Thursday, May 11, 2006

Thrusday Three: Three Senses of our Past

Terry is getting all nostalgic and has a few questions about the sights, sounds and smells of our pasts.

A rose by any other name…

Would still probably not smell like a paper mill. Or something. I was trying to come up with a good introduction for today’s “Smells Like Home” Version of the Axis of Weevil Thursday Three, and, well, that’s about the best I could do.

ANYWAY, prompted by Monday’s reminiscence about the comforting smells of childhood, Jim Smith (an alias, I’m certain of it) suggested that this week’s T3 deal with not only the smells, but also with the sights and sounds that you remember from your youth.

SO, take a moment and open up your memory vault, then answer these three questions:

1. What smells do you most closely associate with your childhood home or hometown?
2. What landmark do you remember about your hometown that no longer exists?
3. What sounds do you recall distinctly from your childhood?

Take a moment to think about those and either leave a comment below, or a link to your blog.

1) I had a very rural childhood. We were one of the few houses on a dirt road in Litchfield County, CT. Our home was surrounded by woods and cow pastures. So the scents of my childhood have a country theme. The smell of new mown hay, the dusky warm scent of cattle, the earthy rot of the swamp across the road and the sharp tang of chlorine from our swimming pool bring me back. We also spent a week or so every summer visiting family on the shore in Massachusetts so I’ll add in the smell of sun screen and of mud at low tide.

2.) There used to be a wonderful life sized model of a horse in front of the local feed and hardware store. It was on wheels and it would be appropriately dressed for the weather and season. I think the horse is gone now, but the store is still there. My elementary (East Street Elementary) school is gone as well. I tried finding it a while ago, but it is no longer. The corn fields and pastures are slowing disappearing around our old homestead which saddens me greatly.

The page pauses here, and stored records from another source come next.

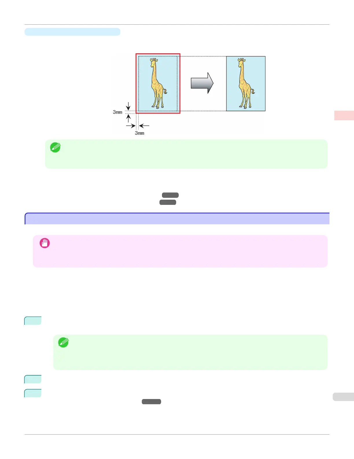 • When performing borderless printing without using Print Image with Actual Size, the image deteriorates slightly
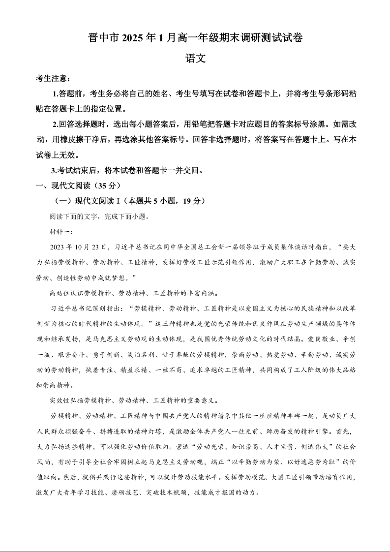 山西省晋中市2024-2025学年上学期1月高一期末考试语文(原卷版)
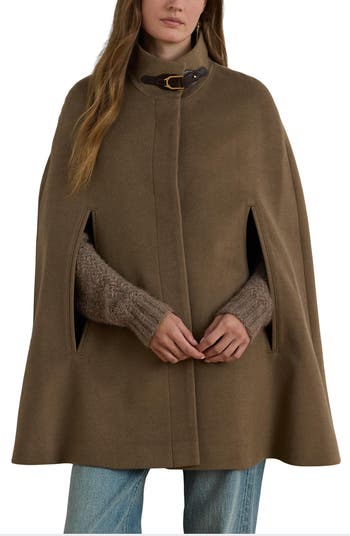 A versatile hue lends timeless polish to this classic wool-blend cape finished with the simple elegance of a belt closure at the collar and welted arm slits.
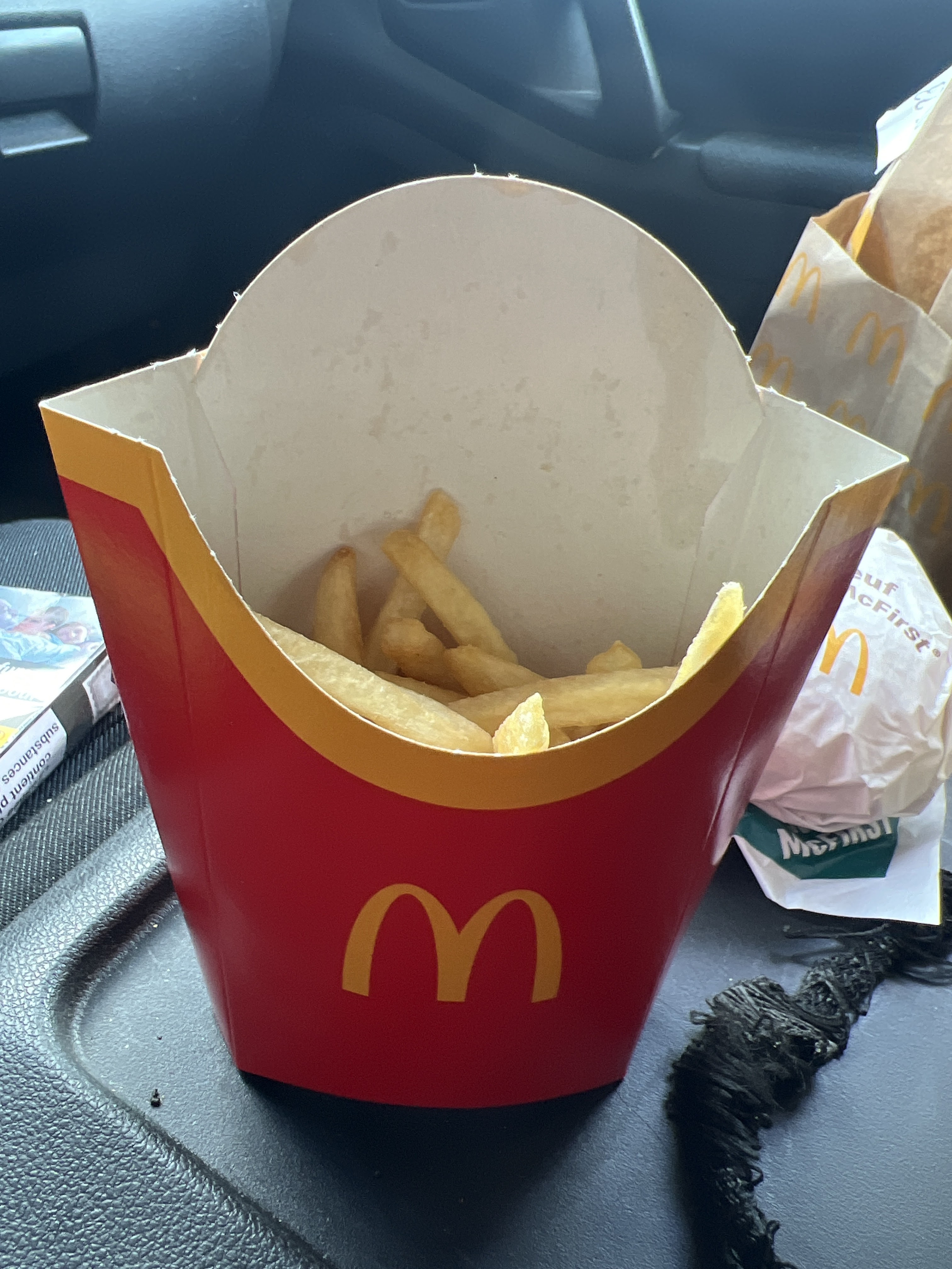 Drive honteux… 23 minutes pour 2 menu Mc smart !!! Frittes froides , Burger froid…. BRAVO
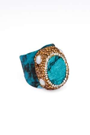 منز-زرق الحجر الباروكية الطراز زيركون الحجر مزين خلية تصميم فاخر مع تفاصيل الجلد. المنتج مصنوعة يدويا. 316L المواد
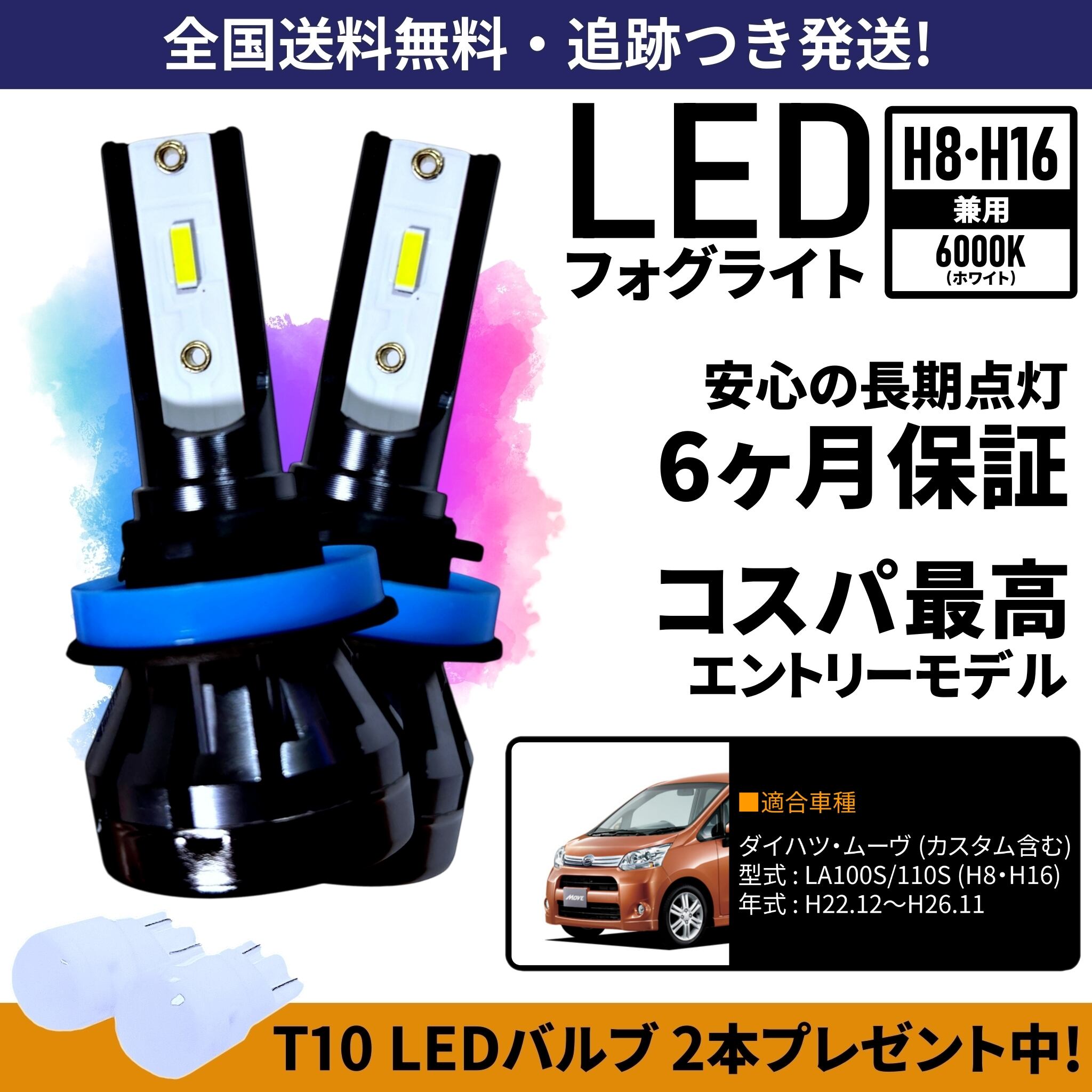 【送料無料】ダイハツ ムーヴ LA100S LA110S LED フォグライト フォグランプ H8 H16 ホワイト 6000K 保証付き

3) I remember the great crashing booms of thunder as the storms would pass over our house (as I mentioned before our house was on a magnetic ridge and all the storms would end up right over our house) and the long rolling rattles of thunder when we were down by the beach. The sounds of crickets, spring peepers, bull frogs and the buzz of grasshoppers are also figure in my childhood. The only sirens I remember were from the bomb drills in middle school. Instead of duck and cover we would troop across the road to the neighboring Kimberly-Clark plant to shelter within its bowels. It was always an odd experience as we sat in small groups in the starkly painted white interior.

And that was the sights, sounds and scents of my childhood.